America's Best Dance Crews comes from Asia

A trend was born when the all-Asian dance crew, the "Jabbawockeez," won MTV's competitive dance reality television series America's Best Dance Crew in 2008. Since then, many other Asian dance crews have come out on top, creating much controversy among the viewers at home, with some even referring to the show as "America's Best Asian Dance Crew."

Hiroka "Hiro" McRae, founder, leader, and choreographer of We Are Heroes, the first all-female dance crew to win ABDC in 2009, said dance education is strict in Japan where she is originally from.

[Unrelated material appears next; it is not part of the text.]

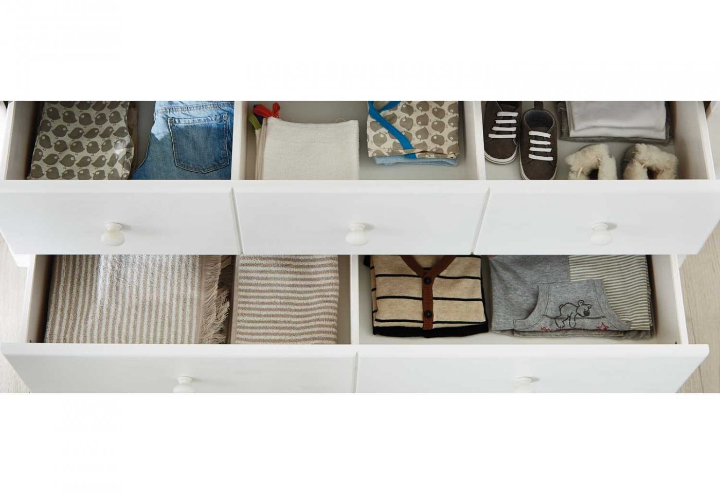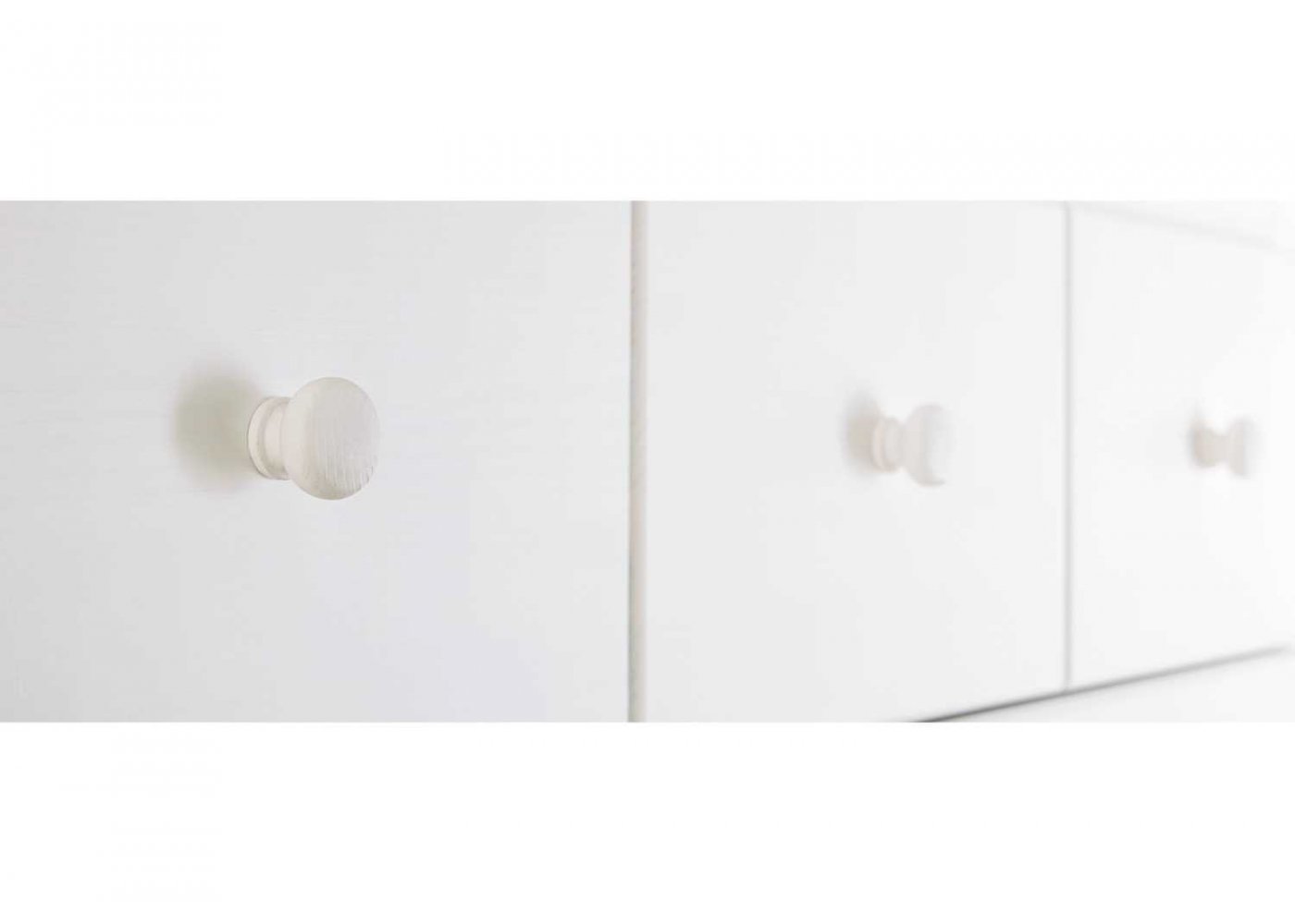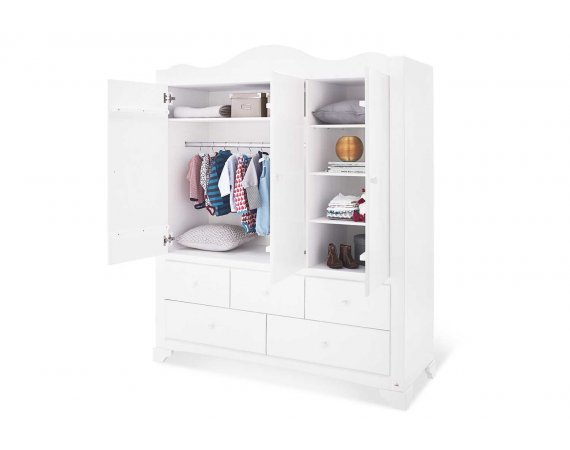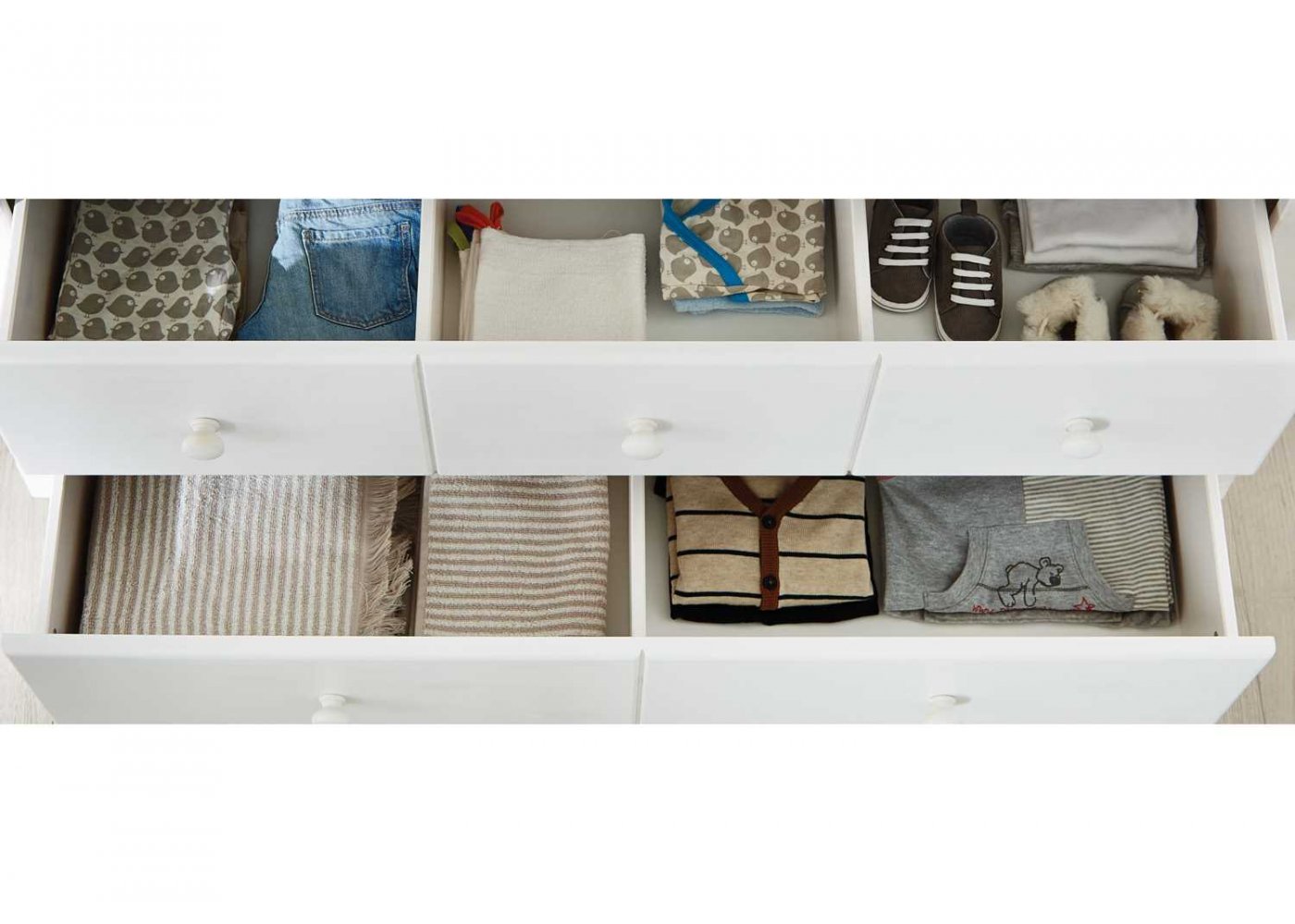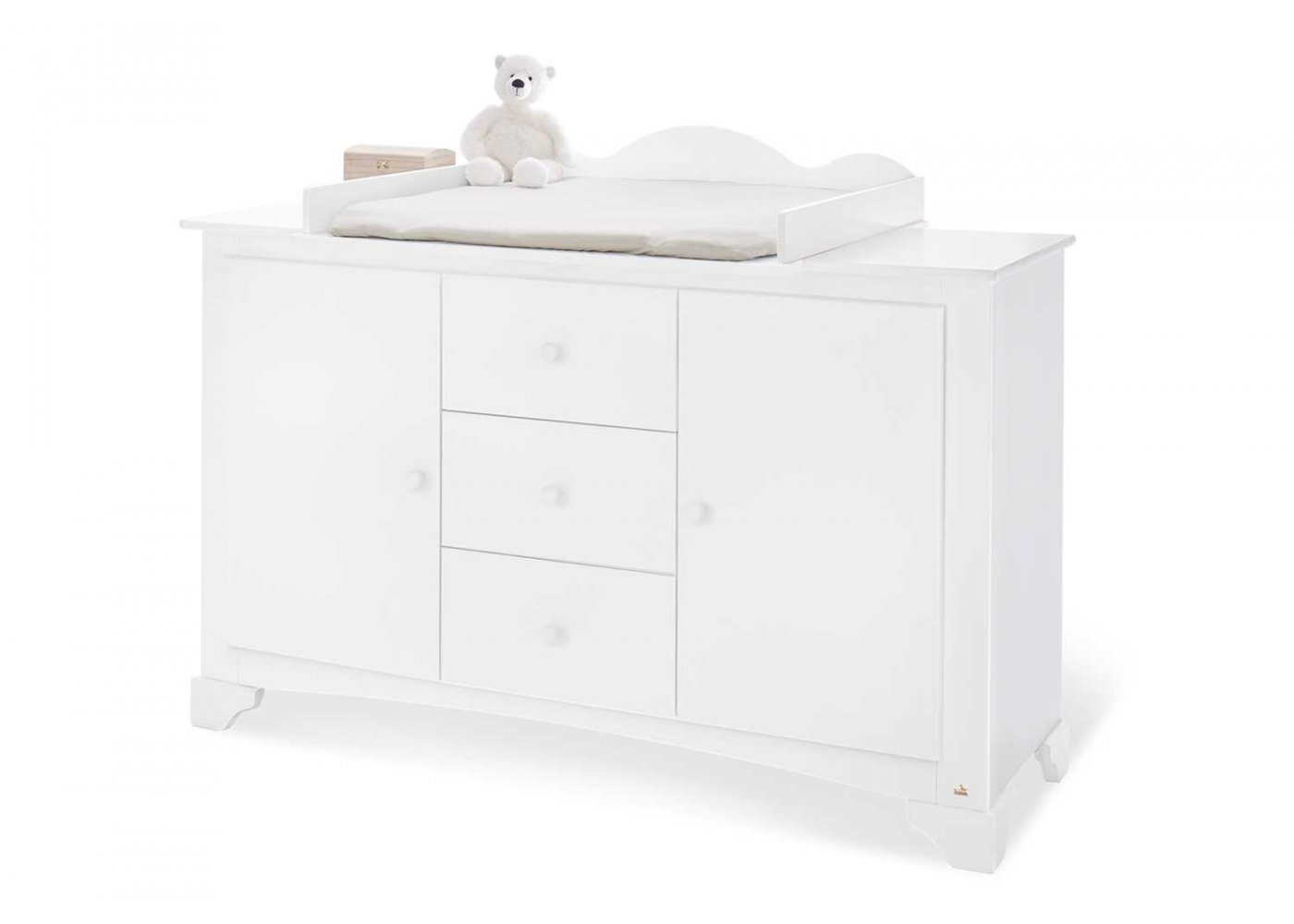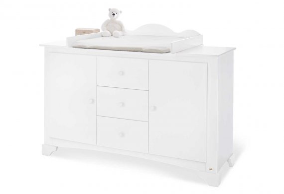 Om den ekstra brede puslekommode: Puslekommoden har to skabe og tre skuffer i midten. Kommoden leveres med to justerbare hylder og en bøjlestang. Pusledelen er smart, idet den kan monteres både til venstre, højre og midt for. Når der ikke længere er brug for pusleplads til dit barn, kan pusledelen fjernes, og du har en fin kommode til brug i hele hjemmet.

"The Asian culture has, like, crazy discipline. It's like a martial arts culture," Hiro said. According to Hiro, training in Tokyo a lot of times takes place outdoors, around office buildings while using the window reflection as mirrors. Often times these practices occur from the time people leave work at 5 p.m. until as late as 5 a.m. the next morning.

"They practice forever, like, they are really disciplined, and also, they have a lot of competitions. You have to have a free-style, you have to compete at every style," she said.

According to Hiro,We Are Heroes was originally eliminated from ABDC at a private audition they had been invited to, due to the fact that two of her crew members didn't have a work visa.. But while pursuing Hip Hop International, a competition created by the same producer as ABDC, Randy Jackson, Hiro received a phone call from ABDC's casting crew, asking her to return to the show.

Hiro added two American girls to her crew last minute. The We Are Heroes members all live in Los Angeles, and while crewmember Mami Kanemitsu is also from Japan, the rest of the group has mixed ethnicities.

"I didn't go to school, I didn't have a textbook, and I didn't have a translator thing," Hiro said about coming to America. "I didn't have a friend, I didn't have money; I really didn't have anything. We are very blessed, you know, every time we have like amazing hotel. People are very respectful and very warm."

 Santa Monica College dance teacher, Jae Lee, who moved to America in 2007 from South Korea, said she believes a lot of Asian dancers come to America because it gives them more options to study different types of dance, such as contemporary modern, jazz, and hip hop.

"Here, they can be exposed by watching So You Think You Can Dance," Lee said. So You Think You Can Dance another MTV competitive dance reality television series, has also been known to have discovered a lot of Asian talent.

Lee said she came to America to further her theoretical knowledge in dance. She graduated from the University of California Irvine, and landed her present full-time job as a dance teacher for Santa Monica College shortly after.

"I personally think, it's just my personal perspective, I think the technical level is way higher over there," Lee said about Korea, "because their training is so strict, just like Russian dancer."

"I'm not sure if they are still keeping that way of teaching methodology, but when I was there it was, you know, we had to dance all day, you know, we have to do rehearsals, and then we can't eat what we want," Lee said.

Gisear "Gbaby" Alcantara, a Filipino dancer from Los Angeles' "Rockin Legendz" dance crew, said that crews worldwide come to America for exposure. He said "Rockin Legendz" is mostly b-boy, but they also incorporate hip-hop, locking, and acrobatics.

"I enjoy watching 'America's Best Dance Crew,' but I know for a fact that the show is fixed, and it upsets me how MTV handled it," Alcantara said.

"They're racist. For example, the first season, 'Status Quo' somehow ended in the finals, because MTV knew that they couldn't have two full Asian crews in the finals, because the African American population that watched the show woul dn't tune in, because it was all Asian," Alcantara said. Still, he said he would compete on the show, and that he believes it's a great way for a crew to be seen and to go mainstream.

"Filipinos and Asians dominate in that show because we work hard," said Alcantara. "When we rehearse, we treat it like homework, and we can critique all the small details to get it right and make it look good."